US inflation cooled broadly in June to the slowest pace since 2021 on the back of a long-awaited slowdown in housing costs, sending the strongest signal yet that the Federal Reserve can cut interest rates soon.
The so-called core consumer price index — which excludes food and energy costs — climbed 0.1% from May, the smallest advance in three years, Bureau of Labor Statistics figures showed Thursday. The overall measure fell for the first time since the onset of the pandemic, dragged down by cheaper gasoline.
Similar to the May CPI report — which Fed Chair Jerome Powell described this week as “really good” following an unexpected flare-up in the first quarter — the June reading will go a long way toward giving Powell and his colleagues the confidence they need to cut rates, likely starting in September.
Policymakers will have a chance to signal such a move may be coming when they meet later in July, especially since unemployment has now risen for three straight months.
Powell, in testimony before lawmakers this week, avoided signalling the timing of likely rate cuts and insisted policy moves would be guided by incoming data. The Fed chief is set to speak again Monday afternoon in a moderated discussion hosted by the Economic Club of Washington, DC.
“We are sufficiently confident — even if the Fed is not yet ready to admit they are — that inflation is on the way back to the 2% target,” Joseph Brusuelas, chief economist at RSM US LLP, said in a note. “The road is now open to a rate cut by the Federal Reserve in September.”

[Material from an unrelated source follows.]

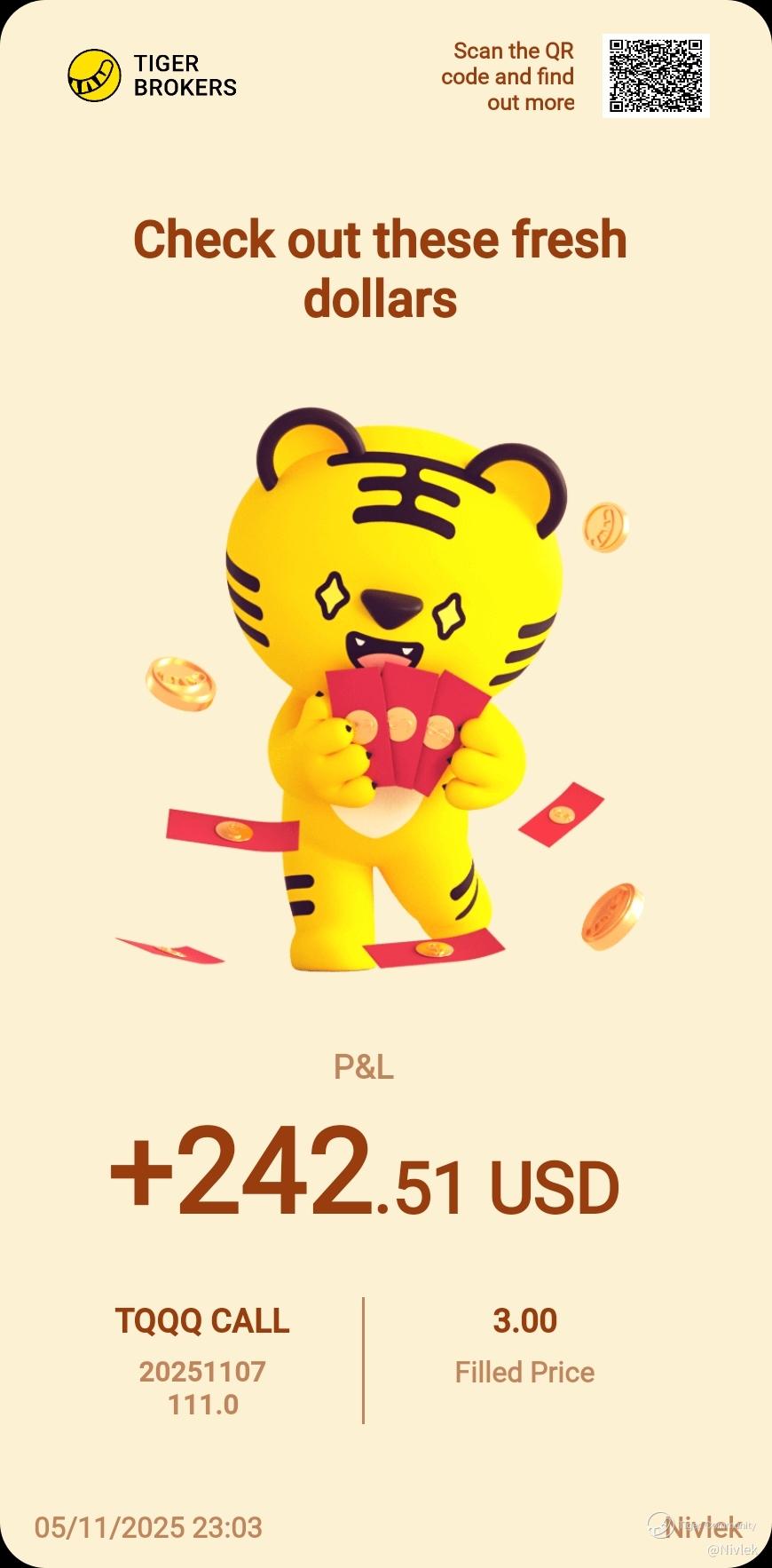 $TQQQ 20251107 111.0 CALL$ Did a 10min scalp trade. Hit and run đâď¸

After the CPI report, Treasuries rallied and traders all but fully priced in September and December rate cuts. They also marked up the odds of a reduction in November to better than even — a move that would come right after the presidential election. Before Thursday, traders and policymakers were divided as to whether there would be just one or two cuts this year.
The report also offered encouraging news for President Joe Biden as he prepares for a high-stakes press conference later Thursday amid calls from fellow Democrats for him to step aside as the party’s nominee. The embattled president cheered the data in a statement, saying it shows “significant progress” in the fight against inflation.
Shelter prices, which is the largest category within services, climbed 0.2%, the smallest gain since August 2021. Owners’ equivalent rent — a subset of shelter, which is the biggest individual component of the CPI — climbed 0.3%, also the tamest in three years.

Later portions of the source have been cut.